= Suzanne Sindi =

American applied mathematician

Suzanne Soraya Fernandes-Sindi is an American applied mathematician whose research uses mathematics and machine learning to model biological phenomena including prion aggregation, blood coagulation, population dynamics, and structural variation. She is a professor of applied mathematics in the School of Natural Sciences at the University of California, Merced, and the former chair of the Department of Applied Mathematics at UC Merced. She chairs the Equity, Diversity, and Inclusion Activity Group of the Society for Industrial and Applied Mathematics.

==Early life and education==
Sindi is originally from Placentia, California; her parents were immigrants from Saudi Arabia and from the Azores of Portugal. She describes her interest in mathematical biology as inspired by reading the 1990 novel Jurassic Park as a middle school student. As an undergraduate at California State University, Fullerton, she received a National Science Foundation Graduate Fellowship, funding her graduate study at the University of Maryland, College Park.

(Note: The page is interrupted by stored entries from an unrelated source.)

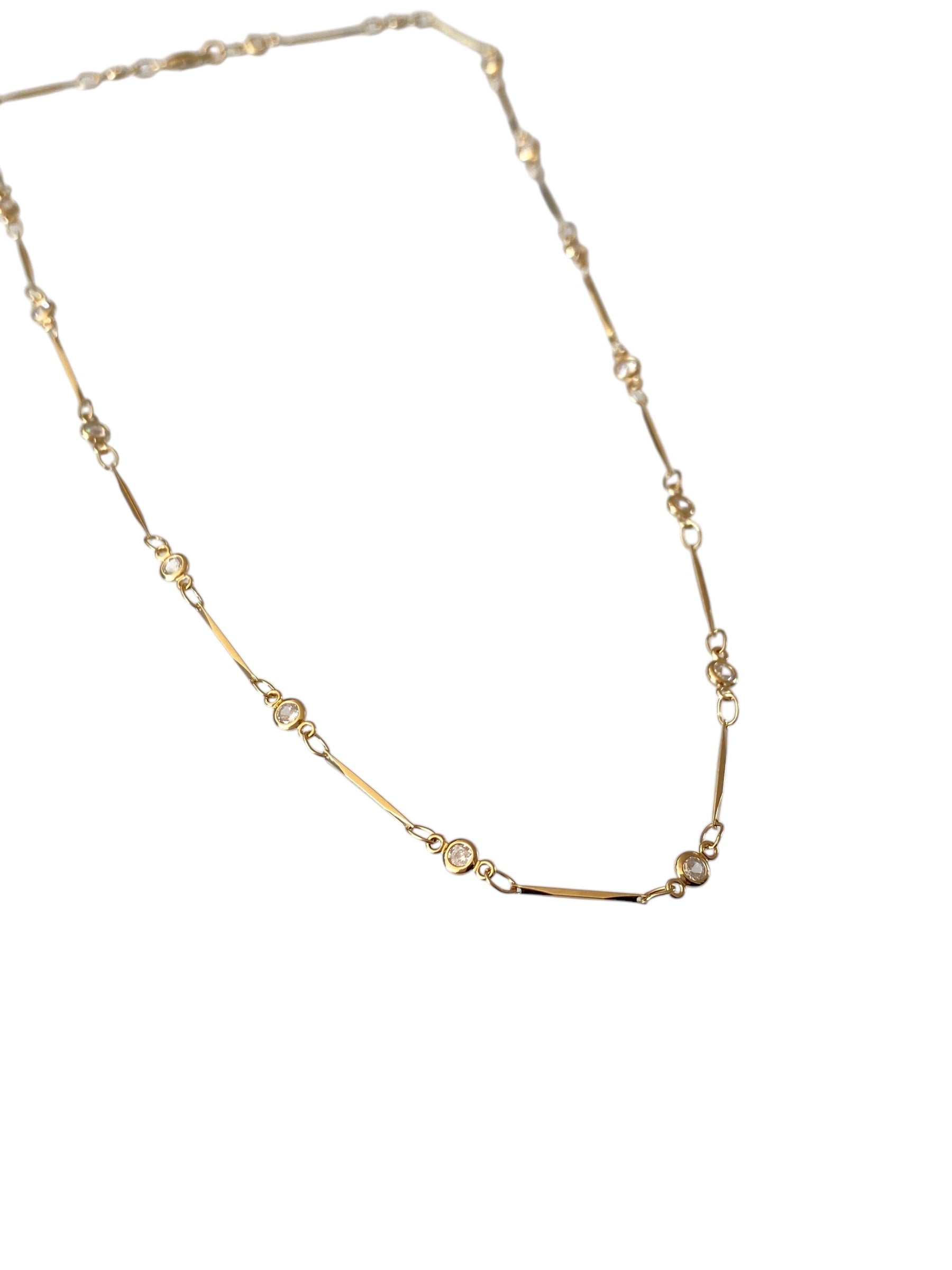 The Kayla Necklace is the perfect blend of simplicity and sophistication. Crafted from 18K gold-filled material and accented with CZ stones, this 18-inch piece offers a clean, polished look that never goes out of style. Designed for everyday wear, it’s a reliable staple that complements any outfit with understated elegance.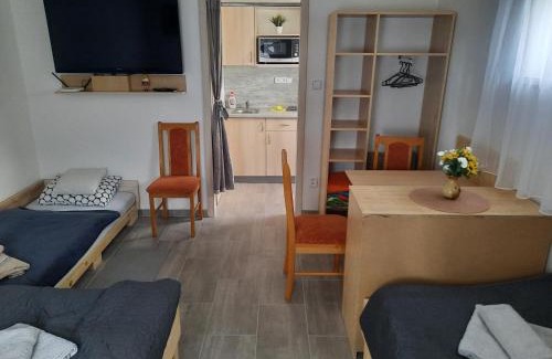 Apartmán u Bouře is located in Zaječí, just 10 miles from Lednice Chateau and 14 miles from Chateau Valtice. This property offers access to a terrace and free private parking. Outdoor seating is also available at the apartment. With free Wifi, this 1-bedroom apartment offers a cable flat-screen TV and a kitchenette with a microwave and fridge. Towels and bed linen are featured in the apartment. For added privacy, the accommodation has a private entrance and soundproofing. Špilberk Castle is 27 miles from Apartmán u Bouře, while Trade Fairs Brno is 28 miles away. Brno-Turany Airport is 26 miles from the property.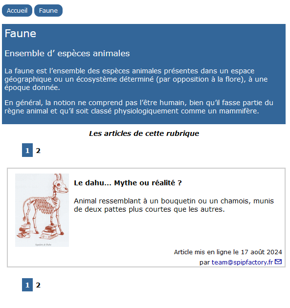 - Une sous/rubriques a un article publié dans la sous rubrique, elle s’affiche sous forme de liste déroulante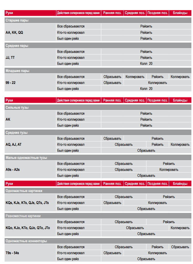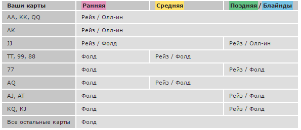 - Стартовые руки следует рассматривать неотрывно от предложенной в тесте позиции. Более того, необходимо учитывать формат, о котором идет речь в вопросе, ведь стратегия для безлимитных и лимитированных столов отличается, как и спектр разыгрываемых рук. Полезной шпаргалкой станет чарт стартовых рук: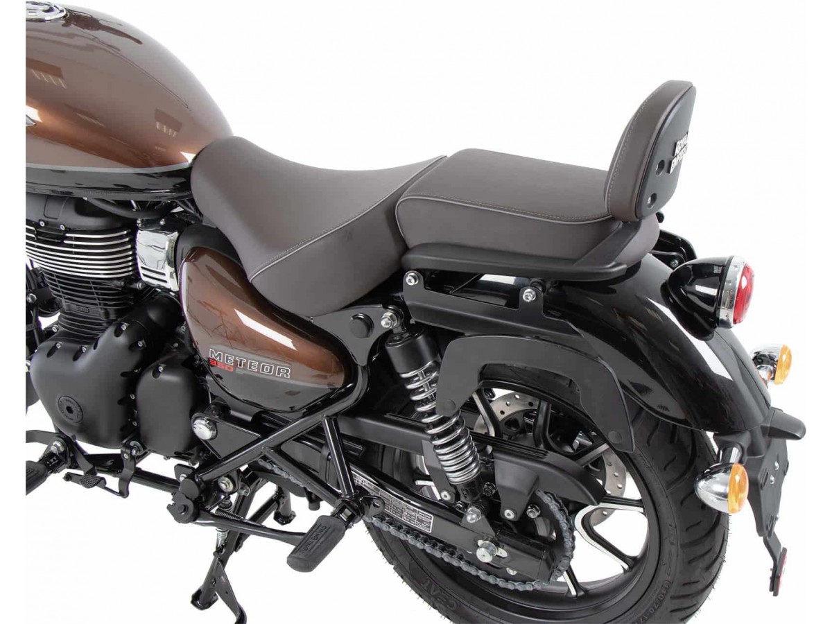 Sakwy boczne C-Bow do Royal Enfield Meteor 350 (2021-). Uchwyt na torby C-Bow jest przeznaczony do różnych toreb Hepco&Becker, w zależności od modelu motocykla. Torby miękkie do sportowych, dynamicznych motocykli oraz sakwy do chopperów i cruiserów można przymocować do motocykla za pomocą uchwytu C-Bow. Jego elegancki, dyskretny design idealnie wpasowuje się w ogólną linię pojazdu. Naturalnie, utrzymuje sakwy z dala od rozgrzanego tłumika. Nowoczesna technologia C-Bow pozwala na proste i łatwe przymocowanie odpowiednich toreb do C-Bow jednym kliknięciem, co zapewnia ich solidne zablokowanie, co zniechęca do kradzieży. Torby są bezpiecznie przymocowane do motocykla i pozostają na swoim miejscu nawet po załadowaniu. W wielu modelach kierunkowskazy pozostają w swojej pierwotnej pozycji. Więcej informacji można znaleźć w instrukcji obsługi. Specjalny bagażnik tylko do toreb i kufrów Hepco&Becker C-Bow Standardowy twardy bagaż Hepco&Becker nie pasuje do toreb Krauser K-Wing Wysokiej jakości wykończenie powierzchni Dostawa: prawa strona, lewa strona, zestaw montażowy, instrukcja Łatwy montaż Zwykle można łączyć z bagażnikami na kufry górne, sissybar lub bagażnikami solo (sprawdź instrukcję i informacje dotyczące konkretnego modelu motocykla) Powiększenie tylnego bagażnika może ograniczyć funkcjonalność toreb Zaprojektowane dla fabrycznego stanu maszyny. Nie testowano z akcesoriami takimi jak wydech, uchwyt tablicy rejestracyjnej lub inne kierunkowskazy. Używając akcesoriów innych firm, upewnij się, że torby są zawsze trzymane w odpowiedniej odległości od wydechu i że kierunkowskazy mają odpowiedni kąt wiązki. Strumień spalin nie może być skierowany na torby.

There, she received a master's degree in 2004 and completed her Ph.D. in 2006. Her doctoral dissertation, Describing and Modeling Repetitive Sequences in DNA, was supervised by James A. Yorke.

==Recognition==
Sindi was named as a Fellow of the Association for Women in Mathematics, in the 2027 class of fellows, "for her sustained national leadership in advancing women and underrepresented groups in the mathematical sciences through founding Cal-Bridge Mathematics, her stewardship of the Workshops for Women in Mathematical Biology, and her inclusive departmental leadership as Chair of UC Merced Applied Mathematics".